From the first line of the listing below through the line with "Praca z konspektem", transcribe exactly and skip the pictures.

-- Given material --
»»

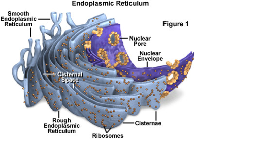 Extensive system of tubes and membranes with cisternae. The rough ER is the site of protein synthesis while thy smooth ER is the site of lipid metabolism, detoxification of drugs, and hormone synthesis.
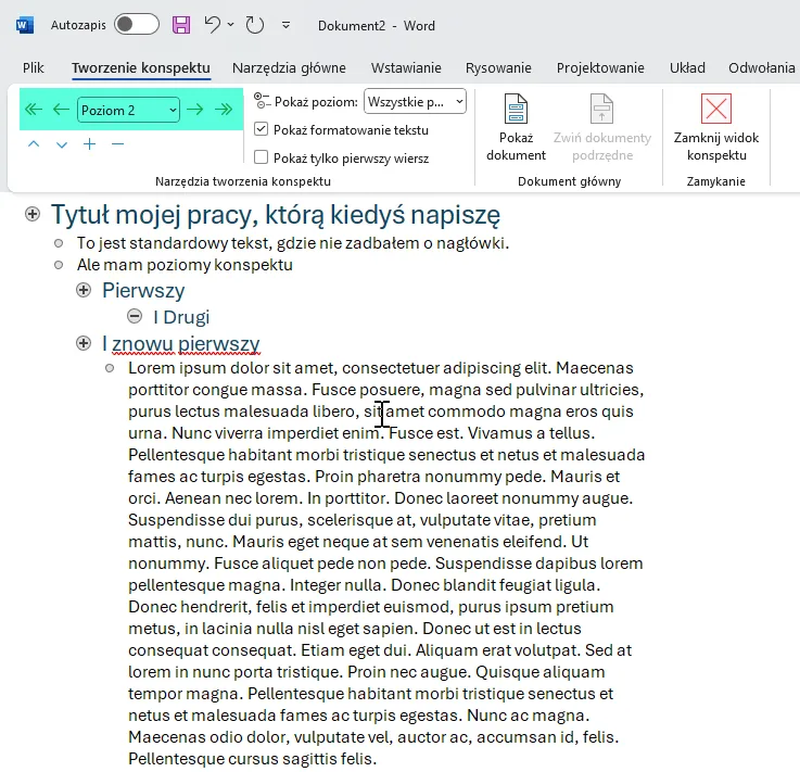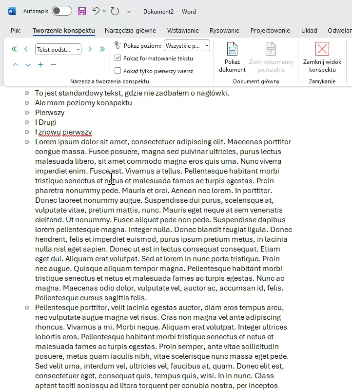 Praca z konspektem jest dość osobliwym sposobem na pracę z edytorem MS Word, zwłaszcza w dobie wszelkich usprawnień, które niosą nam nowoczesne funkcje AI dostępne w pakiecie Microsoft 365. Niemniej jednak istnieje grupa osób, które wciąż z tego typu funkcjonalności lubią korzystać, żeby uzyskać pełniejszy ogląd na strukturę dokumentu. W widoku konspektu łatwo zauważyć jak dokument podzielony jest na akapity. Przykładowo widok konspektu dla dokumentu może wyglądać jak na poniższym zrzucie:
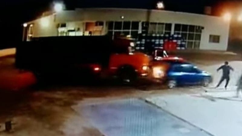 La alocada agresión fue captada por una cámara de seguridad, que tomó imágenes del violento episodio ocurrido en la estación de servicio en el ingreso del barrio Villa Güell, en Media Agua. En esa secuencia se ve cómo aparece el camión Mercedes Benz y embiste directamente al Chevrolet Corsa, que permanecía estacionado frente a una bomba de nafta. El dueño del coche con otra persona sólo atinaron a alejarse.
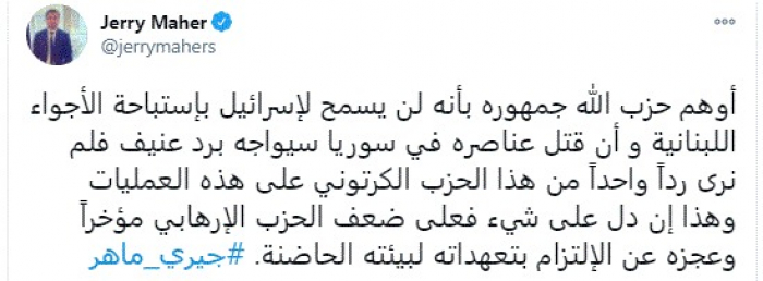 وكتب في تغريدة عبر "تويتر" رصدها "المشهد العربي": "أوهم حزب الله جمهوره بأنه لن يسمح لإسرائيل بإستباحة الأجواء اللبنانية وأن قتل عناصره في سوريا سيواجه برد عنيف فلم نرى رداً واحداً من هذا الحزب الكرتوني على هذه العمليات وهذا إن دل على شيء فعلى ضعف الحزب الإرهابي مؤخراً وعجزه عن الإلتزام بتعهداته لبيئته الحاضنة".

««

-- Solution to the exercise --
 Extensive system of tubes and membranes with cisternae. The rough ER is the site of protein synthesis while thy smooth ER is the site of lipid metabolism, detoxification of drugs, and hormone synthesis.
 Praca z konspektem jest dość osobliwym sposobem na pracę z edytorem MS Word, zwłaszcza w dobie wszelkich usprawnień, które niosą nam nowoczesne funkcje AI dostępne w pakiecie Microsoft 365. Niemniej jednak istnieje grupa osób, które wciąż z tego typu funkcjonalności lubią korzystać, żeby uzyskać pełniejszy ogląd na strukturę dokumentu. W widoku konspektu łatwo zauważyć jak dokument podzielony jest na akapity. Przykładowo widok konspektu dla dokumentu może wyglądać jak na poniższym zrzucie:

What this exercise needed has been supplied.